Last Updated: 2025-12-02

Basic Information

• Recruitment Status: COMPLETED
• Clinical Phase: NA
• Total Enrollment: 30 participants
• Study Classification: INTERVENTIONAL
• Study Start Date: 2020-08-06
• Study Completion Date: 2024-03-26

Brief Summary

Growing evidence suggests that Alzheimer's disease (AD) pathological changes begin decades before clinical symptoms and tau abnormalities in the locus coeruleus (LC) can be observed since midlife. We have previously demonstrated functional vulnerability of the LC to aging and stress, as well as an association between higher cerebrospinal fluid (CSF) tau and impaired sleep phenomena influenced by the LC. We now aim to test whether LC dysfunction can be measured in preclinical AD stages by LC targeted imaging, and whether it objectively affects sleep architecture and attention. We will test this hypothesis in 30 cognitively normal older adults by performing a full clinical evaluation, one night of polysomnography, a lumbar puncture to obtain cerebrospinal fluid, [11C]MRB PET-MR, and attention testing. This study has the potential to identify a new mechanism by which tau pathology contributes to sleep and attention dysfunction and may provide a new therapeutic target for AD prevention.

Detailed Description

The purpose of this study is three-fold: to test whether lower NET availability in the LC is associated with: first, CSF tau levels typical of preclinical stages of AD (Aim 1); second, reduced REM and spindle density (Aim 2); and third, impaired performance on attention tasks (Aim 3). The goal is to test the overarching hypothesis that LC dysfunction occurs in preclinical AD stages, can be measured with MRB-PET, and translates into impairment of sleep architecture (LC tonic dysfunction) and attention (LC phasic dysfunction).

Conditions

Alzheimer Disease

Study Design

• Allocation Method: NA
• Intervention Model: SINGLE_GROUP
• Primary Study Purpose: BASIC_SCIENCE
• Blinding Strategy: NONE

Study Groups

Cognitively Normal (CN) Older Adults

Group Type: EXPERIMENTAL

Nocturnal polysomnography (NPSG)

Intervention Type: PROCEDURE

Nocturnal polysomnography (NPSG) to measure REM sleep and sleep spindles characteristics.

Lumbar Puncture (LP)

Intervention Type: PROCEDURE

Lumbar puncture (LP) to measure CSF P-Tau, T-Tau and Aβ42/40 ratio.

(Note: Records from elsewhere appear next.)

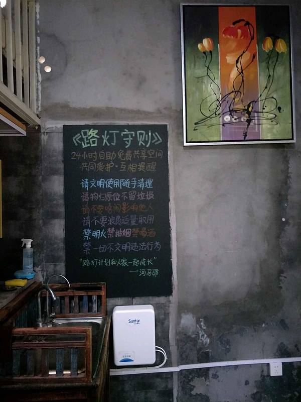路灯计划在沙坡尾艺术西区的一个小角落,算是个意外的惊喜,之前都没有看到过介绍,偶遇的时候眼前一亮。很有创意的共享空间,24小时不停灯不关门,随时可以进去坐坐,喝茶、看书、小憩,舒服的很。简单的小屋被被隔成两层,楼上的沙发可以三五好友小坐,一楼的书桌上有两个留言本,写的满满的,都是来过小屋的人留下的心情。最喜欢的是靠窗的长方形大桌子,上面摆满了茶具,茶叶免费,自己烧水煮茶,和朋友一起品茗畅聊,痛快!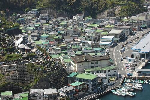 島浦(しまうら)は宮崎県延岡市沖にあります。延岡市浦城町から北東へ約6㎞、高速艇なら約10分の距離です。現在の町名は「延岡市島浦町」、地元の人のことは親しみをこめて「しまんだ」と呼びます。昔から漁業が盛んな島で、「いわしの舞う島」と呼ばれたほどです。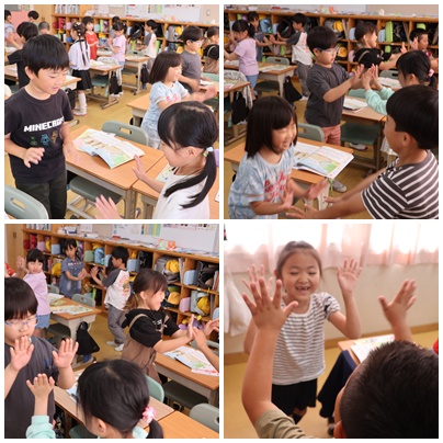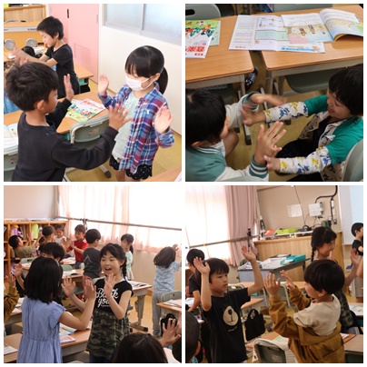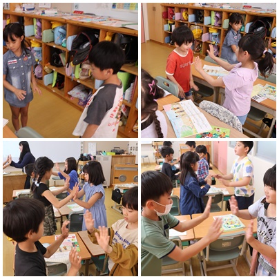 リズムにのって、「足踏み」「膝打ち」「手拍子」などのボディサウンドを入れながら歌っています。この歌が始まるとみんな目が輝きます。とても楽しくお気に入りの曲です。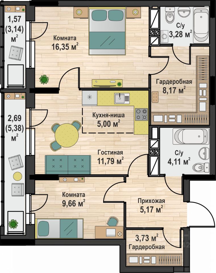 Площадь общая | 58.69 |

PET-MR measurement with a norepinephrine transporter (NET)-selective radiotracer (S,S)-[11C]Omethylreboxetine ([11C]MRB)

Intervention Type: OTHER

PET-MR measurement with a norepinephrine transporter (NET)-selective radiotracer (S,S)-\[11C\]O-methylreboxetine (\[11C\]MRB) to measure NET availability.

Psychomotor Vigilance Task (PVT)

Intervention Type: BEHAVIORAL

Psychomotor vigilance task (PVT) and the OddBall to measure test taskattention performance.

Interventions

Nocturnal polysomnography (NPSG)

Nocturnal polysomnography (NPSG) to measure REM sleep and sleep spindles characteristics.

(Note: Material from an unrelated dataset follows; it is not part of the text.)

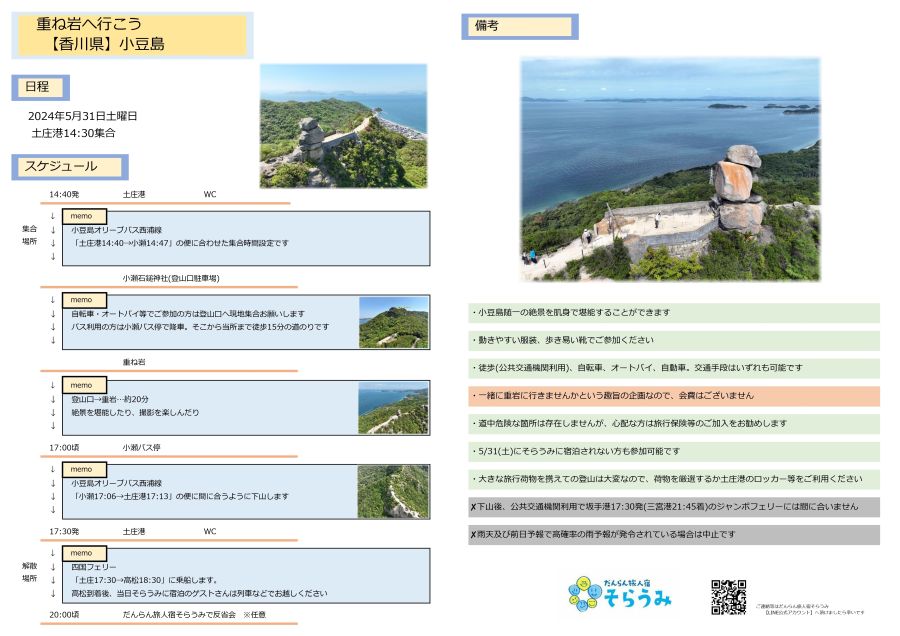 瀬戸内海に浮かぶ小豆島のワンダースポット 「🪨重岩に行こう🪨」 を開催します。小豆島随一の絶景を肌身で感じませんか。一緒に行きましょうという趣旨の企画ですので、会費はございません。公共交通機関利用でも行く事ができます。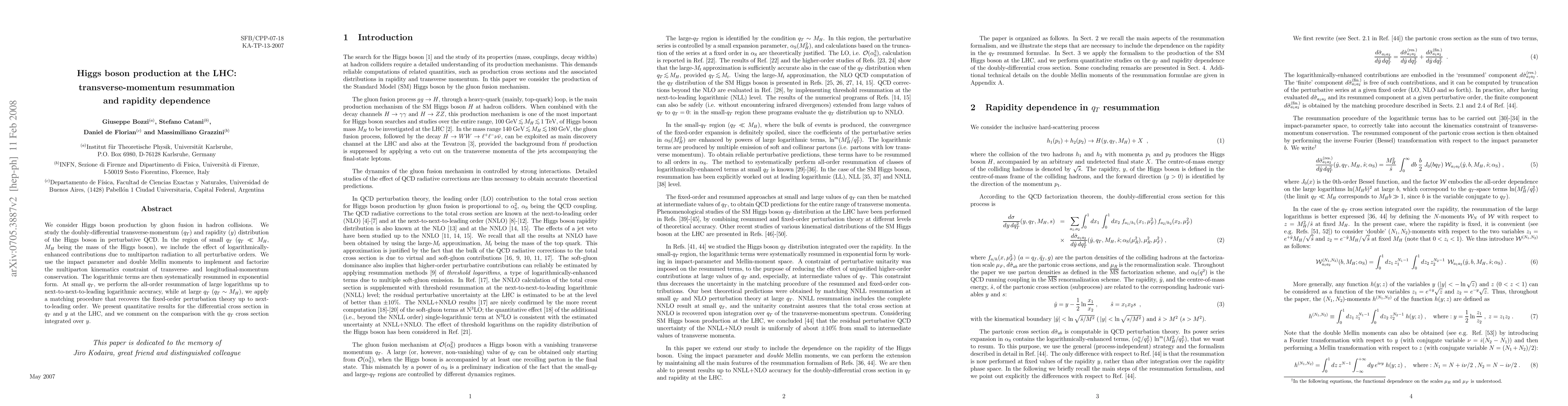 This paper studies the doubly-differential transverse-momentum and rapidity distributions of Higgs bosons produced via gluon fusion at the LHC, focusing on resummation of large logarithmic contributions at small transverse momentum. It achieves next-to-next-to-leading logarithmic accuracy and matches fixed-order perturbation theory at larger transverse momenta.

Intervention Type: PROCEDURE

Lumbar Puncture (LP)

Lumbar puncture (LP) to measure CSF P-Tau, T-Tau and Aβ42/40 ratio.

Intervention Type: PROCEDURE

PET-MR measurement with a norepinephrine transporter (NET)-selective radiotracer (S,S)-[11C]Omethylreboxetine ([11C]MRB)

PET-MR measurement with a norepinephrine transporter (NET)-selective radiotracer (S,S)-\[11C\]O-methylreboxetine (\[11C\]MRB) to measure NET availability.

Intervention Type: OTHER

Psychomotor Vigilance Task (PVT)

Psychomotor vigilance task (PVT) and the OddBall to measure test taskattention performance.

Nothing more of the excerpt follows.